Recently, I could have time to dig the problem and found what's hapeen
when coding-detection fails. Here I try to write the problem. Please
fix the problem.
*PROBLEM*
coding-detection fails to guess the coding-system under some condition
*DESCRIPTION*
Since MULE coding-detection are designed to find what coding-system is
most appropriate one for a given text on user's current environment as
quick as possible, the logic to guess the coding-system is implemented
to analyze ONLY SMALL FRAGMENT OF TARGET TEXT. But, the
implementation of iso_8_2 detection logic seems to be so stubborn that
cannot allow mis-detection and forget the fact that it only analyzes
small fragment of text. On coding-systems within iso_8_2 category,
i.e. EUC-JP, texts usually include both of iso_8_2(multi-byte)

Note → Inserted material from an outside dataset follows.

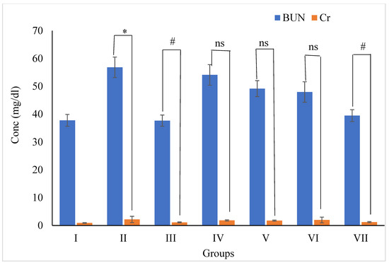 Effects of Wt-F of B. diffusa extract on BUN and creatinine in SD rats after 60 days of treatment. Where BUN = Blood Urea Nitrogen. Data are expressed as Mean ± SEM of 6 rats in each group. p-value = * < 0.01 showed significance compared with respective group I, p-value = # < 0.01 showed significance compared with respective group II and ns = non-significant compared with respective group II.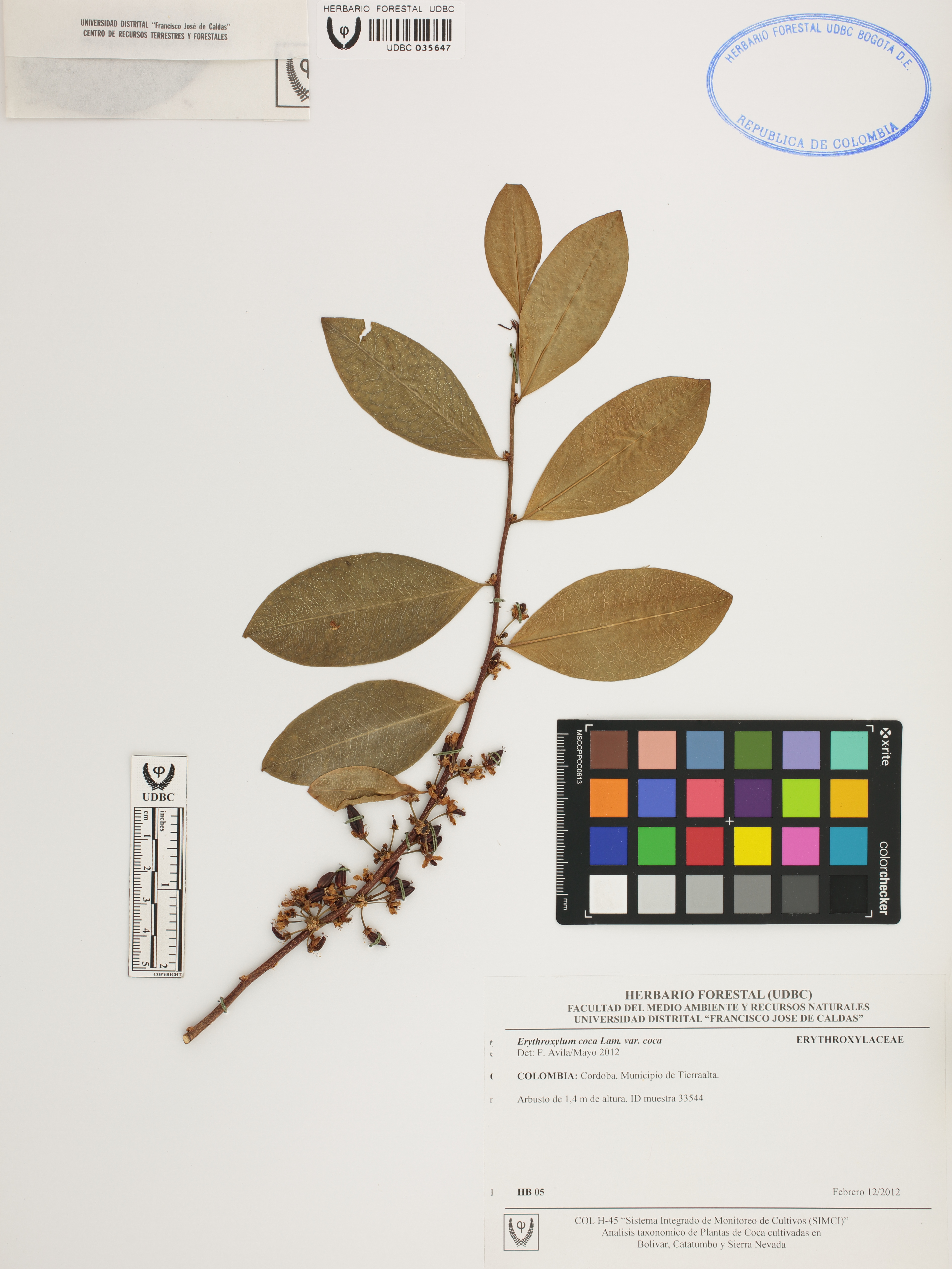 Fotografía del ejemplar SD 5, determinado como Erythroxylum coca var. coca en el año 2012

characters and ascii(1-byte) characters, e.g. even pure Japanese text
in EUC-JP usually includes 1-byte characters such as LF(0x0a), of
course most of texts we write includes not only control-characters but
also ascii characters such as 'XEmacs'. Because of this, the fragment
of target text given for coding-detection logic can be incomplete
string, i.e. the first byte and the last byte of text fragment can be
incomplete multi-byte character and the logic must consider this fact.
*SOLUTION*
I made a very simple patch to relax the condition of iso_8_2 detection
to allow sampling-error. Of course I know there may be more complete
and smart way, but I didn't dig XEmacs entirely so that I can write
such a smart solution.
--- src/mule-coding.c.orig Mon Jan 13 17:46:44 2003
+++ src/mule-coding.c Thu Jun 5 04:49:22 2003
@@ -2935,8 +2935,12 @@
else
DET_RESULT (st, iso_8_1) = DET_SOMEWHAT_LIKELY;
}
+#if 1
+ else if (data->even_high_byte_groups > 0)
+#else
else if (data->odd_high_byte_groups == 0 &&
data->even_high_byte_groups > 0)
+#endif
{
#if 0
SET_DET_RESULTS (st, iso2022, DET_SOMEWHAT_UNLIKELY);
*For more complete solution*
The logic counts data->odd_high_byte_groups must take the fact that
'text fragment (of DEFINITELY VALID TEXT represented in a
coding-system of iso_8_2 category) can have incomplete multi-byte
characters at the first and the last byte' under consideration.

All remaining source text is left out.